Premier is believed to be buying E.ON’s oil and gas assets in the UK, sources told Reuters. The deal is thought to be worth more than EUR150million.
The company has since confirmed the $120million deal – for the latest click here.
A Premier company spokesperson said: “At the request of the company, Premier’s ordinary shares have been suspended from trading on the London Stock Exchange with effect from 7.30am this morning pending an announcement of a potential acquisition of assets by Premier which may be classified as a reverse takeover under the FCA Listing Rules.
“Therefore, the company has requested the temporary suspension of trading in its ordinary shares whilst clarification is sought from the UKLA.”
Yesterday, Broker Jefferies cut Premier’s rating to hold and target price to 33p from 120p.
The firm’s shares fell 33% from 19p to 9.5p – a fraction of May 2014’s high of 358.6p.
Premier Oil’s debt is thought to be more than £1.83billion.
Its current market capitalization is £155million.
The suspension comes days after the firm confirmed an oil find in the North Falkland basin.
A Premier Oil spokesman said full details would be revealed later today.
Energy Voice previously reported speculation around the possibility of a takeover of E.ON’s North Sea assets, which include the Rita, Johnston and Huntington fields, and interests in the Caister, Minke, Ravenspurn North fields and ETS and CMS pipeline systems.
If the deal is finalized it would be classed as a “reverse takeover” because the value of the transaction would be close to Premier’s market value.
Premier and E.ON both have interest in the Huntington field.
Earlier this week, the pair acquired Noreco’s participating interest in the Huntington licence for no consideration.
In December, Premier was forced to delay the start-up of its flagship Solan field.
A spokesperson credited harsh weather conditions, poor bridge connectivity and lost days for the delay.
It also finalized the sale of its Norwegian business for $120million.
Yesterday, RBS said stocks could fall 20% and urged investors to sell everything, saying: “In a crowded hall, exit doors are small.

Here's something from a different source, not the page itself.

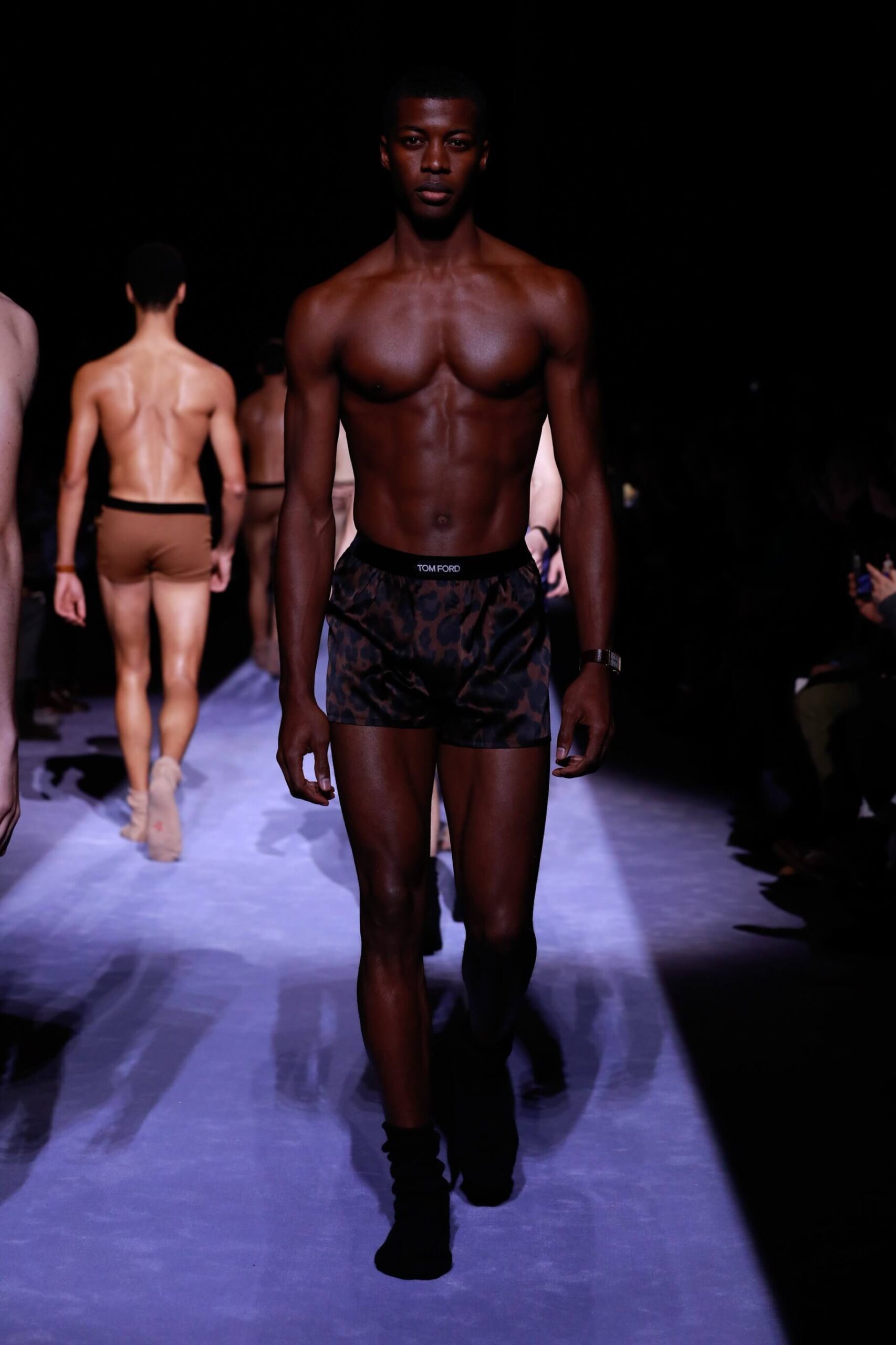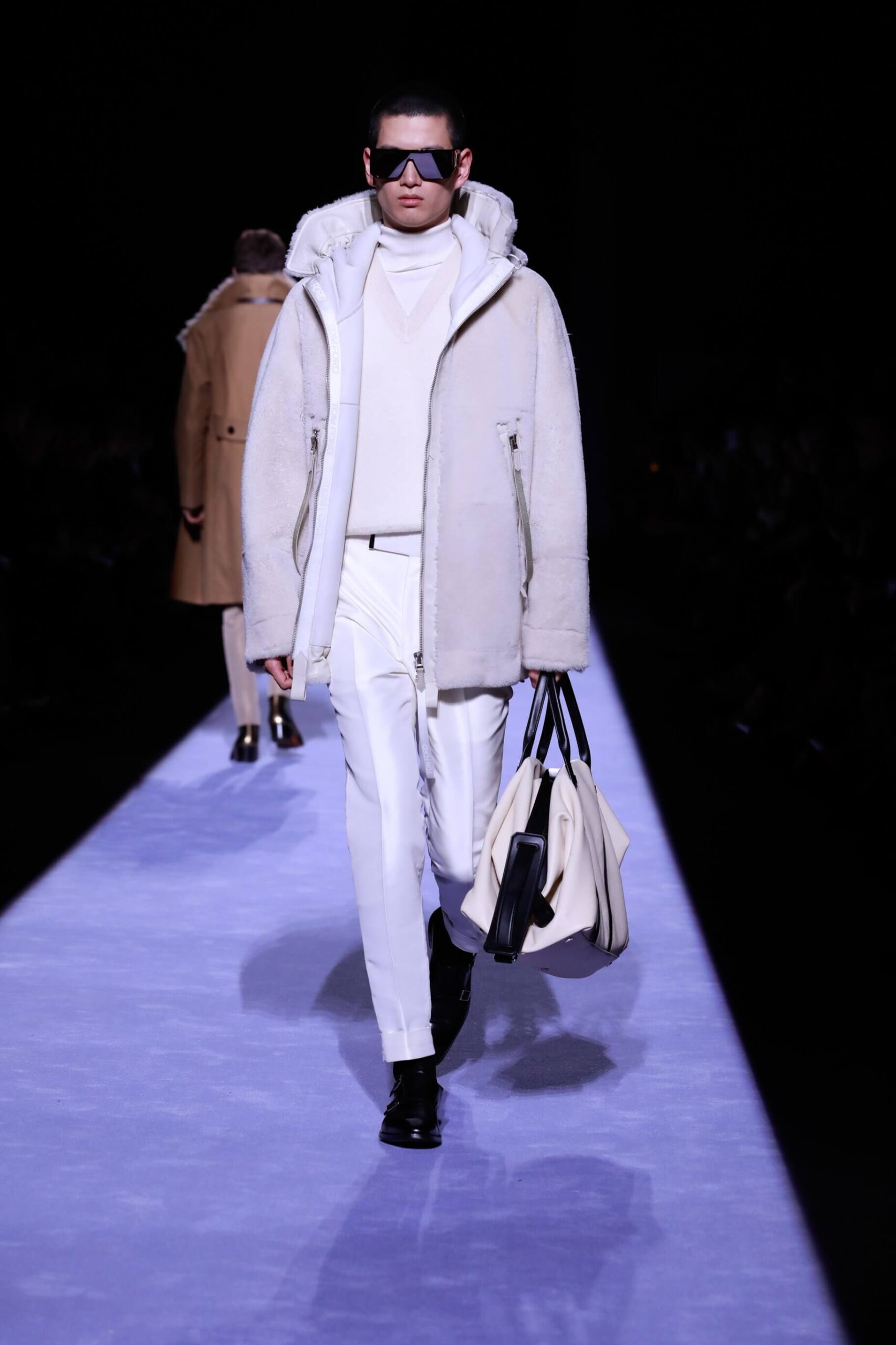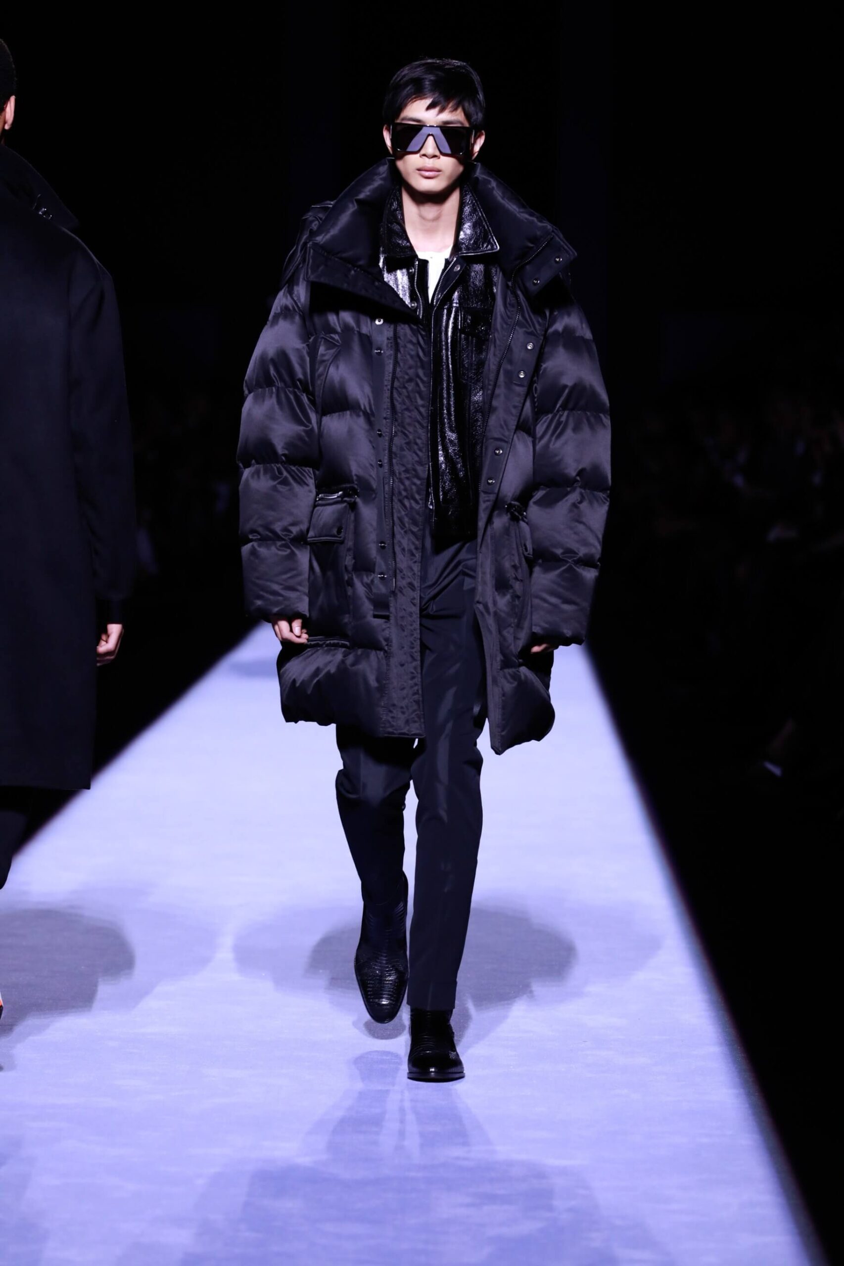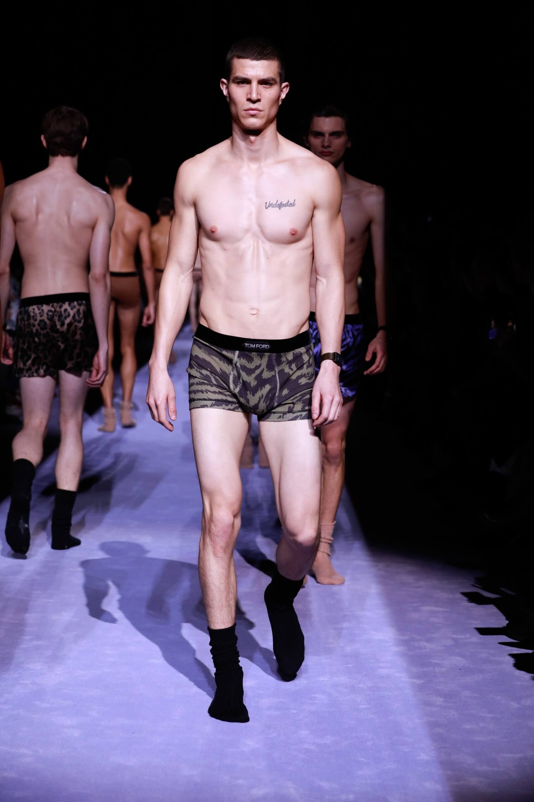 There was lots of python print, because Mr. Ford is oh so sly. And we must also talk about the puffer jackets. You see it’s officially the year of the puffer, cubic space, calling it now. Big coats, fitted suit jackets. The uniform. It was all very noble, even when they were in their underwear. And dayum they looked good. Chiseled to perfection (we’re talking about the underwear, obvs). Tom Ford branded on the waistband briefs is simply the way to go. Matched with rumpled socks. He woke up like this. And then Mr. Ford came down the runway to Lana Del Rey’s Young and Beautiful. Because we will still love the Tom Ford man even when (unlikely as it is) he’s no longer young and beautiful. As long as he’s wearing a whole lot of this. It was simply, fastidiously Tom Ford. Crisp. Now for the womenswear later this week.

Risks are high.”
The warning came as oil fell to $30 a barrel.
Morgan Stanley said a rapid appreciation of the US dollar may send Brent oil as low as $20 a barrel.
“Given the continued US dollar appreciation, $20-$25 oil price scenarios are possible simply due to currency,” the analysts wrote in the report.
“The US dollar and non- fundamental factors continue to drive oil prices.”
Yesterday, BP also confirmed it would shed 4,000 Upstream jobs – 600 from its North Sea division.
The announcement caused a string of soundbites from politicians, industry leaders and commentators.
Nicola Sturgeon labelled the move a “crisis”.